▶ **Task**:
Starting with the line that contains "Gilet tattico originale" and ending with the last line of the entries, repeat exactly those lines and nothing else, pictures excluded.

── Data excerpts ──

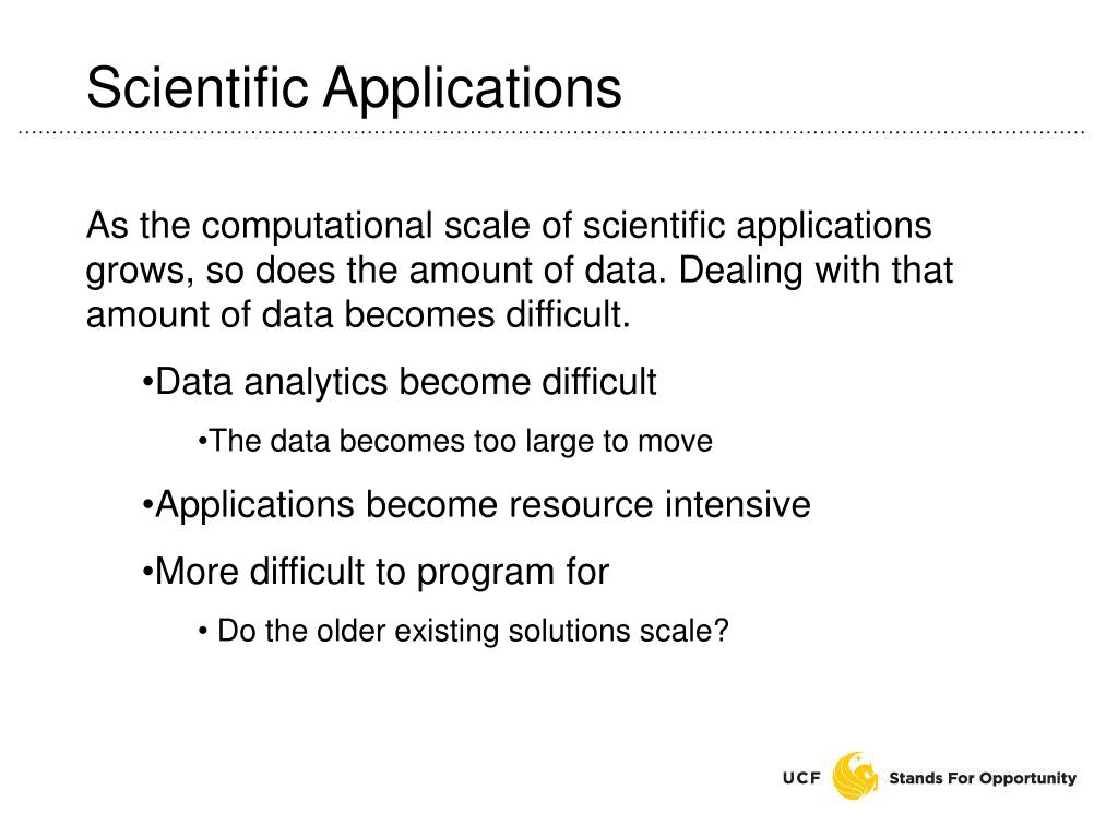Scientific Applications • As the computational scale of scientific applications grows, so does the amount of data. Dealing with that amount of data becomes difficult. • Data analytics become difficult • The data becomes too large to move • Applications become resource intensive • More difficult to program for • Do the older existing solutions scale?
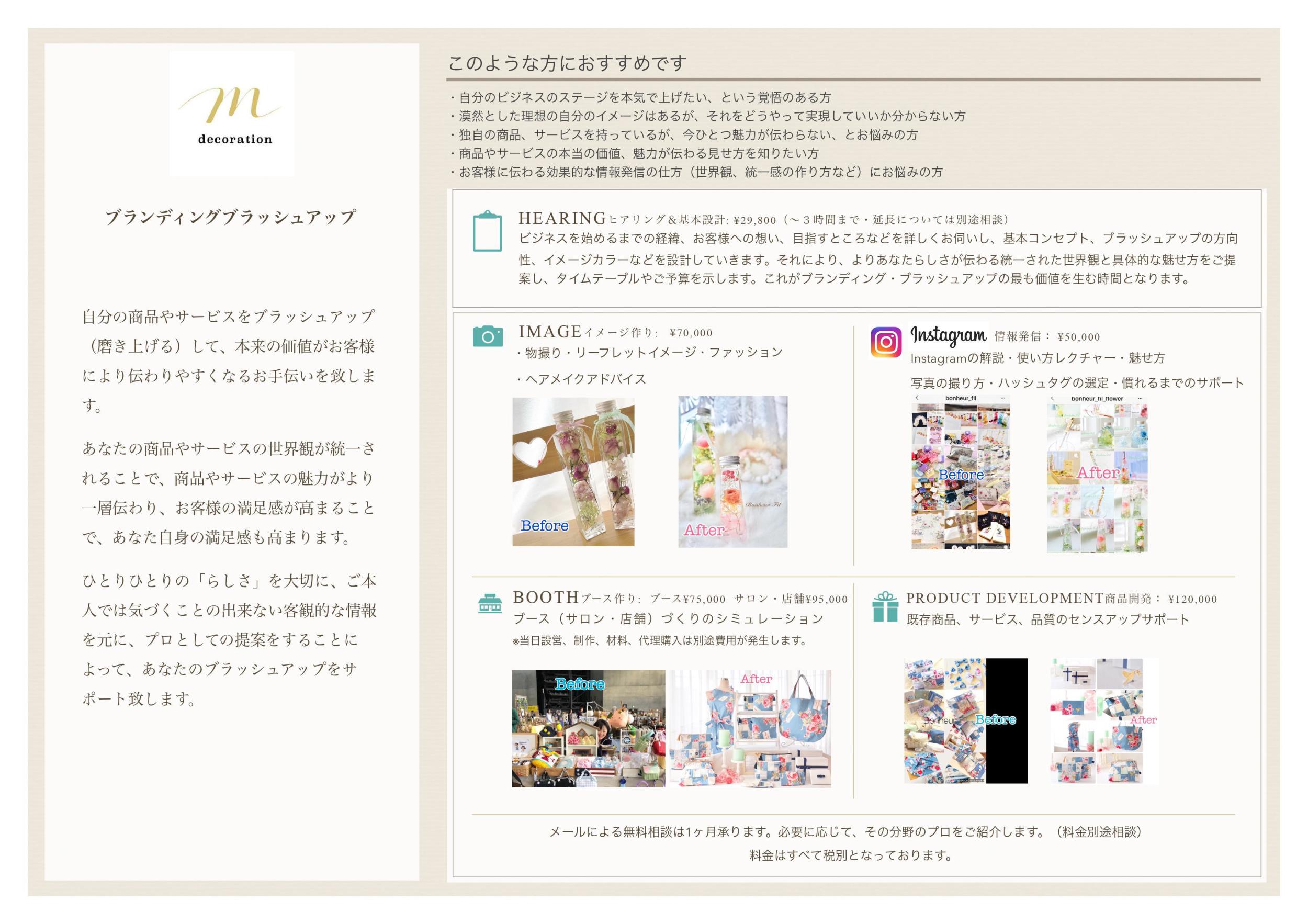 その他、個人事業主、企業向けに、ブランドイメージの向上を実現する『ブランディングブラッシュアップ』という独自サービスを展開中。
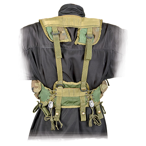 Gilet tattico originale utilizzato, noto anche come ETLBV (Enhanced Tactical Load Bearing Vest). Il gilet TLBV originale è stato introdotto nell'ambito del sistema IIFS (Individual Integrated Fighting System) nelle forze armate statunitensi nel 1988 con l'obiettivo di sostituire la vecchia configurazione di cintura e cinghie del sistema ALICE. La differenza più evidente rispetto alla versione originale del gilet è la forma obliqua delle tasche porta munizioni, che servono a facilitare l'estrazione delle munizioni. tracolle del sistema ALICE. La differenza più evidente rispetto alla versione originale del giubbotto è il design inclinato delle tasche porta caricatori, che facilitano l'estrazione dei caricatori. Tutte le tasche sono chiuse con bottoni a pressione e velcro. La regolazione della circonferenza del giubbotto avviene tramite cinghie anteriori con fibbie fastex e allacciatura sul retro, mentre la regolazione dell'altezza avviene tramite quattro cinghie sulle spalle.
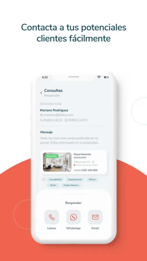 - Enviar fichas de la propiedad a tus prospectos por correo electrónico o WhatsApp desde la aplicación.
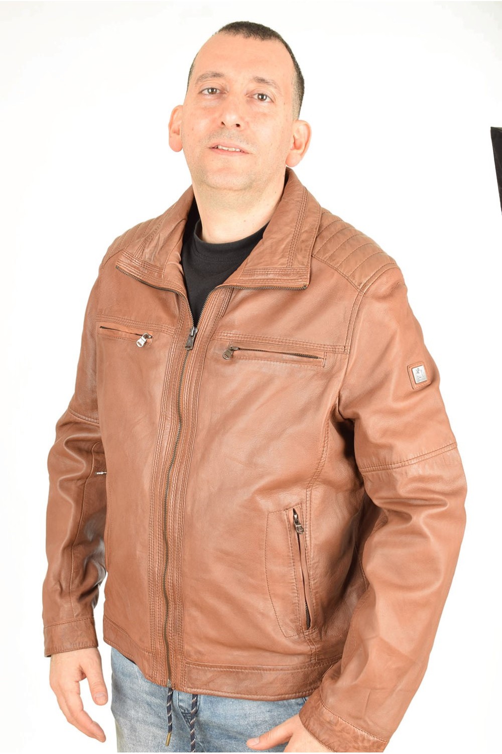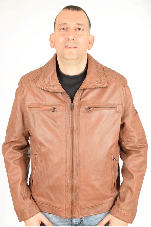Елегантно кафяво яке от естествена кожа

───

▶ **Answer to this exercise**:
 Gilet tattico originale utilizzato, noto anche come ETLBV (Enhanced Tactical Load Bearing Vest). Il gilet TLBV originale è stato introdotto nell'ambito del sistema IIFS (Individual Integrated Fighting System) nelle forze armate statunitensi nel 1988 con l'obiettivo di sostituire la vecchia configurazione di cintura e cinghie del sistema ALICE. La differenza più evidente rispetto alla versione originale del gilet è la forma obliqua delle tasche porta munizioni, che servono a facilitare l'estrazione delle munizioni. tracolle del sistema ALICE. La differenza più evidente rispetto alla versione originale del giubbotto è il design inclinato delle tasche porta caricatori, che facilitano l'estrazione dei caricatori. Tutte le tasche sono chiuse con bottoni a pressione e velcro. La regolazione della circonferenza del giubbotto avviene tramite cinghie anteriori con fibbie fastex e allacciatura sul retro, mentre la regolazione dell'altezza avviene tramite quattro cinghie sulle spalle.
 - Enviar fichas de la propiedad a tus prospectos por correo electrónico o WhatsApp desde la aplicación.
Елегантно кафяво яке от естествена кожа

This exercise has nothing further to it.